Elevations of dorsal lumbar spinal cord IL-1 and lumbosacral CSF IL-1 produced by intrathecal gp120 are both attenuated by pretreatment with intrathecal fluorocitrate. The behavioral data from these animals, which demonstrate that intrathecal fluorocitrate blocks gp120-induced pain states, have been published previously (Milligan et al., 2000). After completion of behavioral testing (Milligan et al., 2000), dorsal lumbar spinal cord (A) and lumbosacral CSF (B) were collected and assayed by ELISA for IL-1 protein. Relative to controls (Vehicle + Vehicle; white bar), intrathecal gp120 increased dorsal lumbar spinal cord IL-1 protein content (Vehicle + gp120; black bar). Although fluorocitrate had no effect in the absence of gp120 (Fluorocitrate + Vehicle; herringbone bar), fluorocitrate attenuated the gp120-induced increase of IL-1 at this time (Fluorocitrate + gp120; striped bar).

Fig. 10.

Astrocyte and microglial activation after gp120.A, C, Each graph was generated by analyzing every captured image at 0–100% threshold. By doing so, each image varied through the range of 100–0% of the field that was black. This allows the midrange of the functions to be determined for statistical analysis. The downward arrows in A andC indicate the point on the function that was statistically analyzed and graphically presented in Band D, respectively. B, Compared with vehicle controls (white bar), an increase in astrocyte activation (GFAP immunoreactivity) progressively occurred between 4 hr (black bar), 8 hr (herringbone bar), and 18 hr (striped bar) after intrathecal gp120.D, Increased microglial activation (OX-42 labeling) occurred after gp120 (time points as described above) compared with vehicle controls (white bar).

Fig. 11.

Photomicrographs of activation of dorsal lumbar spinal cord astrocytes by intrathecal gp120. A, C, GFAP labeling of lumbar dorsal horn at 8 and 18 hr, respectively, after intrathecal vehicle.
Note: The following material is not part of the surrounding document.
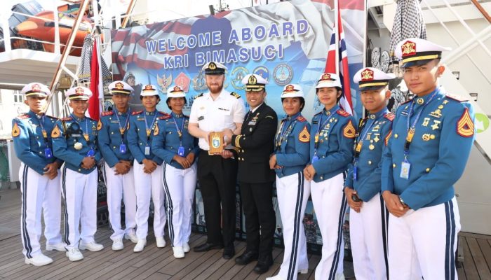 Satuan Latihan Kartika Jala Krida tahun 2023 Taruna AAL Tingkat III Angkatan ke-70 dibawah pimpinan Palaklat KJK 2023 Mayor laut (P) Rendra Hariwibowo melaksanakan pertemuan dengan Commanding Officer for The Norwegian Coast Guard Vessel KV Nornen, Lieutenant Commander Oystein Johansen, di KRI Bima Suci saat sandar di pelabuhan Fredrikstad, Norwegia, Selasa, (18/7).

B, D, GFAP labeling of lumbar dorsal horn at 8 and 18 hr, respectively, after intrathecal gp120. Scale bar, 50 μm. veh, Vehicle.

Fig. 12.

Photomicrographs of activation of dorsal lumbar spinal cord microglia by intrathecal gp120. A, C, OX-42 labeling of lumbar dorsal horn at 8 and 18 hr, respectively, after intrathecal vehicle. B, D, OX-42 labeling of lumbar dorsal horn at 8 and 18 hr, respectively, after intrathecal gp120. Scale bar, 50 μm.